* **Problem description**:
Retype the listing below exactly, pictures removed.

* **Stored data**:
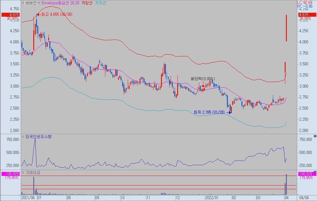 상한가 분석 : 비비안(002070)
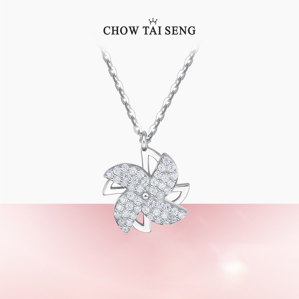 周大生旋转风车项链纯银女生轻奢小众设计高级生日礼物送女友闺蜜
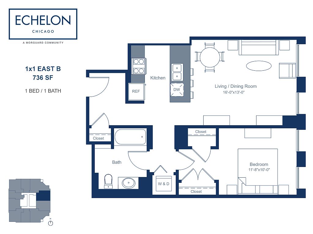 Yes, Echelon Chicago has in-unit laundry for some or all of the units.
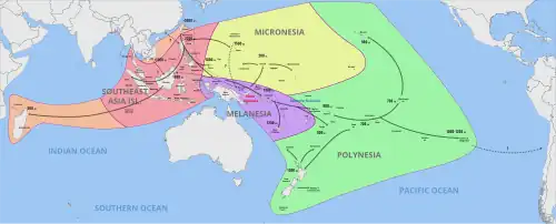 At around 1300 to 1200 BCE, a branch of the Austronesian migrations known as the Lapita culture reached the Bismarck Archipelago, the Solomon Islands, Vanuatu, Fiji, and New Caledonia. From there, they settled Tonga and Samoa by 900 to 800 BCE. Some also back-migrated northwards in 200 BCE to settle the islands of eastern Micronesia (including the Carolines, the Marshall Islands, and Kiribati), mixing with earlier Austronesian migrations in the region. This remained the furthest extent of the Austronesian expansion into Polynesia until around 700 CE when there was another surge of island exploration. They reached the Cook Islands, Tahiti, and the Marquesas by 700 CE; Hawaiʻi by 900 CE; Rapa Nui by 1000 CE; and finally New Zealand by 1200 CE.[14][17][18] Austronesians may have also reached as far as the Americas, although evidence for this remains inconclusive.[19][20]

* **Solution to this problem**:
 상한가 분석 : 비비안(002070)
 周大生旋转风车项链纯银女生轻奢小众设计高级生日礼物送女友闺蜜
 Yes, Echelon Chicago has in-unit laundry for some or all of the units.
 At around 1300 to 1200 BCE, a branch of the Austronesian migrations known as the Lapita culture reached the Bismarck Archipelago, the Solomon Islands, Vanuatu, Fiji, and New Caledonia. From there, they settled Tonga and Samoa by 900 to 800 BCE. Some also back-migrated northwards in 200 BCE to settle the islands of eastern Micronesia (including the Carolines, the Marshall Islands, and Kiribati), mixing with earlier Austronesian migrations in the region. This remained the furthest extent of the Austronesian expansion into Polynesia until around 700 CE when there was another surge of island exploration. They reached the Cook Islands, Tahiti, and the Marquesas by 700 CE; Hawaiʻi by 900 CE; Rapa Nui by 1000 CE; and finally New Zealand by 1200 CE.[14][17][18] Austronesians may have also reached as far as the Americas, although evidence for this remains inconclusive.[19][20]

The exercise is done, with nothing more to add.